Зощенко, молодого красавца, офицера, естественно, сватали. Прежняя жизнь еще тянула к нему свои жадные руки. То соблазняла шикарная вдова, то прочили ему дочь богатого рыботорговца (или, может, работорговца), то француженка почти уже устроила их бегство в Париж. Но капризного Зощенко все это «не вдохновляло». Что же влекло его?

Отвергнув все соблазны «красивой жизни», он 31 марта 1918 года, получив, наконец, разрешение, возвращается в Петроград, где уже правят большевики… Теперь у него один путь — стать новым писателем в новой стране.

СВОЙ СРЕДИ ЧУЖИХ

На вечере памяти Михаила Зощенко в Сестрорецке в 2013 году популярный, любимый зрителями «усач», актер Панкратов-Черный, замечательный исполнитель произведений Зощенко, рассказал многочисленным поклонникам Зощенко такую историю. Дед его был родом из казаков, служивших в Петербурге, охранявших царя и самодержавие, после революции уехал в Сибирь. В доме деда будущий актер нашел книги Зощенко, с увлечением читал. Потом задал деду вопрос: «Кто это — Зощенко? Откуда?» «Из перебежчиков! — сказал ему дед. — Был наш, служил Отечеству. Потом перебежал к большевикам».

Зощенко нелегко дался «выбор читателя», переход на сторону «простого народа». Вера Владимировна Кербиц-Кербицкая происходила из знатной семьи с польскими и немецкими корнями, окончила в 1916 году Петровскую гимназию с медалью и после нее два класса Педагогических курсов; в гимназии слыла первой красавицей и, безусловно, оставалась душой там, в прошлом.

«…Я помню темный вечер в холодной нетопленой комнате… слабый свет лампадки… Передо мной — груда старых писем.
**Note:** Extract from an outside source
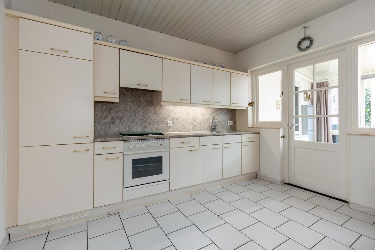 De open keuken (3.50*2.70m) is voorzien van een tegelvloer en uitgevoerd in een rechte opstelling en uitgerust met de navolgende apparatuur; 4-pits gaskookplaat, afzuigkap, koelkast en oven.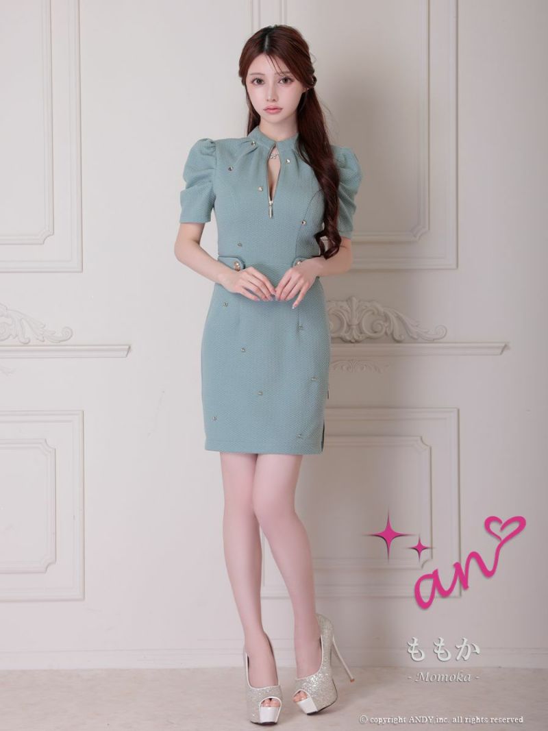 キャバドレス Andy アンディ 高級 半袖 ファスナースリット ジップデザイン ボタン ウエストリボン タイトミニドレス

И я плакала — от тоски по прошлому, от моего одиночества… Пришел Михаил… Увидел мои слезы — “У вас, кажется, плохое настроение!” — повернулся на каблуках и ушел… Вместо того, чтобы спросить, в чем дело, пожалеть, утешить, приласкать… Михаилу невыносима была печаль. Невыносимы были слезы».

Да. Слезы о прошлом были невыносимы ему. Над прошлым нынче полагалось смеяться!

Мать Веры, Ольга Сергеевна, была выслана после революции в Арзамас, «за связь с попами»… Ее младший брат Борис учился в петербургском кадетском корпусе, но потом, пытаясь спрятаться, окончил курсы бухгалтеров, женился… И тем не менее в 1924 году вместе с женой был репрессирован и сослан на десять лет на строительство Беломорско-Балтийского канала. После чего был поражен в правах, жил в Малой Вишере, и в 1937-м был вновь арестован. Саму Веру Владимировну в 1924 году в результате «чистки» выгоняют из университета. И вот — с таким грузом на душе, с таким «комом несправедливости», обрушившимся на его близких, Зощенко все же принимает бесповоротное решение — стать советским писателем, писать не для «бывших», а для новой реальности. И даже в 1933 году, когда надо было поехать на писательском пароходе на Беломорканал, где мучился младший брат его жены, он поехал. Мы не знаем, каких усилий стоило Зощенко его «перерождение», но, наверное, и в этом причина его постоянных страданий, мучительной меланхолии.